One possible long-term protocol change would be to introduce separate gas pricing mechanisms for in-EVM execution and transaction data; the argument here is that the two are much easier to separate as transaction data can be computed separately from everything else, and so the optimal strategy may be to somehow allow the market to balance them; however, precise mechanisms for doing such a thing still need to be developed.
Gas Limit Policy
For an individual miner determining their gas price, the "private uncle rate" of 0.02 per million gas is the relevant statistic. From the point of view of the whole system, the "social uncle rate" of 0.04 per million gas is what matters. If we did not care about safety factors and were ok with an uncle rate of 0.5 uncles per block (meaning, a "51% attack" would only need 40% hashpower to succeed, actually not as bad as it sounds) then at least this analysis suggests that the gas limit could theoretically be raised to ~11 million (20 tx/sec given an average 39k gas per tx as is the case under current usage, or 37 tx/sec worth of simple sends). With the latest optimizations, this could be pushed even higher. However, since we do care about safety factors and prefer to have a lower uncle rate to alleviate centralization risks, 5.5 million is likely an optimal level for the gas limit, though in the medium term a "dynamic gas limit" formula that targets a particular block processing time would be a better approach, as it would be able to quickly and automatically adjust in response to attacks and risks.

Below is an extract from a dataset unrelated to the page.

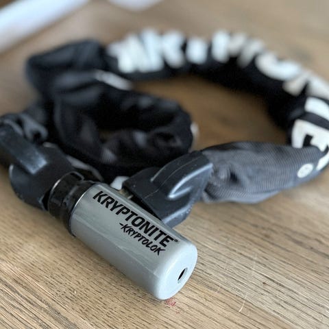 Låsen har en beskyttende tekstiltrekk for å unngå riper og er utformet for å sikre sykler mot tyveri. Det er kjetting inni det blå hylsteret

Note that the concern about the centralization risks and the need for safety factors do not stack on top of each other. The reason is that during an active denial-of-service attack, the blockchain needs to survive, not be long-term economically centralization-resistant; the argument is that if the attacker's goal was to economically encourage centralization, then the attacker could just donate money to the biggest pool in order to bribe other miners to join it.
In the future, we can expect virtual machine improvements to decrease uncle rates further, though improvements to networking are eventually going to be required as well. There is a limit to how much scalability is possible on a single chain, with the primary bottleneck being disk reads and writes, so after some point (likely 10-40 million gas) sharding will be the only way to process more transactions. If we just want to decrease equilibrium gas prices, then Casper will help substantially, by making the "slope" of uncle rate to gas consumption near-zero at least up to a certain point.